Cette tribune n’est pas un cas isolé. Le Conseil national du numérique remettait au gouvernement (CNNum) le 5 février 2020 un rapport qui rappelait que l’accessibilité était toujours « l’exception et non la norme » — seuls 4% des sites publics ont publié leur attestation d’accessibilité en conformité au RGAA.
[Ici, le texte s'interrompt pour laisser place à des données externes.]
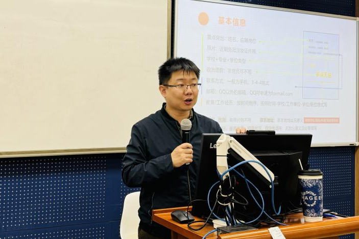 制作简历主要包括三步。第一步明确个人信息;第二步提取该岗位的关键性、隐性及筛选性需求;第三步进入制作简历。何逸潇老师表示,简历中的基本信息应准确且有意义。实践经历的描述需遵循STAR原则(Situation、Task、Action、Result),需根据岗位需求针对性书写,做到“言之有‘据’,描之有‘数’”。在陈述核心优势时,需从真实经历出发,忌空话与套话。简历不仅要有内容,还应追求美观,何逸潇老师强调了简历中的字体、字号、色彩等具体要求以提高简历观赏性。其还强调,在求职的过程中需关注各项政策,避免无效求职。提及面试技巧,何逸潇老师通过自身面试经历表示,同学们可多投简历,多参加面试以锻炼个人心态与熟练度。

Contrairement à ce que FACIL’iti avance, Jean-Pierre Villain affirme que « l’accessibilité n’est pas un domaine techniquement compliqué » et que « les adaptations à réaliser sont pour la plupart simples et à la portée de tous les intégrateurs et développeurs à la condition qu’ils soient formés ». « L’obligation légale existe depuis 2005 mais pendant une dizaine d’années c’était un ‘non-sujet, poursuit-il. Jusqu’en 2017 on mesurait que 80 à 90 % des sites et application étaient partiellement ou totalement inaccessibles. Depuis 2019, année de la publication du dernier décret d’application la situation évolue favorablement. » La demande explose, oui, mais le retard accumulé est « considérable ».
L’avocat de Koena, Maître Matthieu Juglar, a déposé ses conclusions le 12 novembre 2021. Armony Altinier a une nouvelle fois publié l’entièreté des documents. Elle conclut cette nouvelle étape, dans une procédure qui s’annonce très longue, en posant cette question fondamentale : « Le procès FACIL’iti contre Koena aura pour conséquence de poser sans équivoque les termes du débat : qu’a-t-on le droit de définir comme étant de l’accessibilité numérique ? »
D’abord enthousiaste, Facil’iti a cependant refusé de répondre à nos questions après évocation des affaires judiciaires en cours : « Nous ne souhaitons pas médiatiser nos poursuites. Nous avons confiance en la justice », nous a-t-on envoyé par mail.